Now, Mary wants to add persistence so she can deploy this web app into the real world.

Her goal is to do it, ideally, without changing a single line of the code she's already written. Her application works. It just forgets, is all.

So now, instead of building the test objects in a bit of code, she creates a database that has a FACULTY table (with only one record in it, the singleton), a STAFF_MEMBER table and a COURSE_MODULE table with associated foreign keys.

She creates a mapping file for her ORM that maps these tables onto their corresponding classes. Then she writes a sliver of code to fetch Faculty from the database. And, sure, if you want to call the object where that code resides a "FacultyRepository" then be my guest. Importantly, it lives aside from the logic of the application. It is not part of the domain model.

That's pretty much it, bar the shouting. The ORM takes care of the navigations. If we add a staff member to the faculty, another sliver of code executed, say, after server page processing persists the Faculty and the ORM cascades that down through it's relationships (providing we've specified the mapping that way.)

By using, say an Http filter (or an HttpModule, if that's what your tech architecture calls it) we can remove persistence concerns completely from the core logic of the application and achieve it as a completely separate done-in-one-place-only concern.

Hibernate's session-per-request pattern, for example, allows us to manage the scope of persistent transactions - fetching, saving, detaching and re-attaching persistent objects and so on - before and after page processing. Our Http filters just need to know where to find the persistent root objects. (Where is Faculty? It's in application state.) The ORM and our mapping takes care of the rest.

And so it is, without changing a line of code in any of her server pages, or her domain model, and without writing an DAOs or that sort of nonsense, Mary is able to make her application state persistent. And she can even, with a quick change to a config file, turn persistence on and off, and swap one method of persistence with another.

The controllers - the server pages - in Mary's web app need know nothing about persistence. They access state in much the same way they would anyway, either locally as variables on each server page, or as session and application variables. For them, the objects are just there when they're needed. And new objects they trigger the creation of are automatically inserted into the database by the ORM (ditto deletions and updates).

Now, we can mix and match and slice and dice this approach. Mary could have used a pre-processing Http filter to load Faculty into session state at the start of a session, making it a thread-specific singleton, and the persistence Http filters could be looking in session state for persistent objects. Or she could load it anew on each page load.

The important thing to remember is that the server page is non the wiser. All it needs to know is where to look to find these objects in memory.

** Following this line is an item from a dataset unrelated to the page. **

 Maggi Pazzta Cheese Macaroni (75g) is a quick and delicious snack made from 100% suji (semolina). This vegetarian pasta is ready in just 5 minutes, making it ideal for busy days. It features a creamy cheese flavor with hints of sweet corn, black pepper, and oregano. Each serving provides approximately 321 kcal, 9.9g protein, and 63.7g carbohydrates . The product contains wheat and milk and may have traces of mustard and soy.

They are just there.

This is my goal when tackling object persistence. I want it to look like magic; something that just happens and we don't need to know how. Of course, someone needs to know, and, yes, there is more to it than the potted example I've given you. But the principles remain the same: object persistence should be a completely separate concern, not just from the domain model, but from all the core application code, including UI, controllers, and so on.

July 27, 2014

Object-Relational Mapping Should Be Felt & Not Seen

Here's a hand-wavy general post about object-relational persistence anti-patterns that I still keep seeing popping up in many people's code.

First, let me set out what the true goal of ORM's should be: an ORM is designed to allow us to build good old-fashioned object oriented applications where the data in our objects can outlive the processes they run in by storing said persistent data in a relational database.

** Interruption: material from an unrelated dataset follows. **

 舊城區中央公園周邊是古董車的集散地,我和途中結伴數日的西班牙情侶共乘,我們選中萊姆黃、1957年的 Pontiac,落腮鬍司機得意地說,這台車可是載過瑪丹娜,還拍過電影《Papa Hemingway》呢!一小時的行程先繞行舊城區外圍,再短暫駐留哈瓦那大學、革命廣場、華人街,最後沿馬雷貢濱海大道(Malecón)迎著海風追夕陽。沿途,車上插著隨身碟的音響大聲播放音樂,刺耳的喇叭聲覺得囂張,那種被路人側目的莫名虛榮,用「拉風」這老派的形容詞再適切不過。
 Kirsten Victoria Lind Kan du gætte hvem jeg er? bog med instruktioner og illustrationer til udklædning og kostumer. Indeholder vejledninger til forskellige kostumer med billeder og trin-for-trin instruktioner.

Back in the bad old days, we did this by writing what we called "Data Access Objects" (DAO's) for each type of persistent object - often referred to as entities, or domain objects, or even "Entity Beans" (if your Java code happened to have disappeared up that particular arse in the late 1990's.)

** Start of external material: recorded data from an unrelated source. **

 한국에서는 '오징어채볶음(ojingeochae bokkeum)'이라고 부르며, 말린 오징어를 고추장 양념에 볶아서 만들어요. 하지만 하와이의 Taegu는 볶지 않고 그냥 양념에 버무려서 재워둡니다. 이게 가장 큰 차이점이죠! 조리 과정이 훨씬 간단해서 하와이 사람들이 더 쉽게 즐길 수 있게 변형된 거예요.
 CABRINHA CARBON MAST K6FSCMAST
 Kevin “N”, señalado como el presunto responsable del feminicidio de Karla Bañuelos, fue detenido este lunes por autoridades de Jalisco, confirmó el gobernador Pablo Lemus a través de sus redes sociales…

This was very laborious, and often took up half the effort of development.

Many development teams working on web and "enterprise" applications were coming from a 2-tier database-driven background, and were most familiar and comfortable with the notion that the "model" in Model-View-Controller was the database itself. Hence, their applications tended to treat the SQL Server, Oracle or wotnot back-end as main memory and transact every state change of objects against it pretty much immediately. "Middle tier" objects existed purely as gateways to this on-disk relational memory. Transactions and isolation of changes was handled by the database server itself.

Not only did this lead to applications that could only be run meaningfully - including for testing - with that database server in place, but it also very tightly coupled the database to the application's code, making it rigid and difficult to evolve. If every third line of code involves a trip to the database, and if objects themselves aren't where the data is to be found most of the time - except to display it on the user's screen - then you still have what is essentially a database-driven application, albeit with a fancy hifalutin "middle tier" to create the illusion that it isn't.

Developers coming from an object oriented background suffered exactly the opposite problem. We knew how to build an application using objects where the data lived in memory, but struggled with persisting that data to a relational database. quite naturally, we just wanted that to sort of happen by magic, without us having to make any changes to our pristine object oriented code and sully it with DAOs and Units of Work and repositories and SQL mappers and transaction handling and blah blah blah.

And, whether you've heard or not, frameworks like Hibernate allow us to do pretty much exactly that; but only if we choose to do it that way.

Sadly, just as a FORTRAN programmer can write FORTRAN code in any programming language you give them, 2-tier database-driven programmers can write 2-tier database-driven code with even the most sophisticated ORMs.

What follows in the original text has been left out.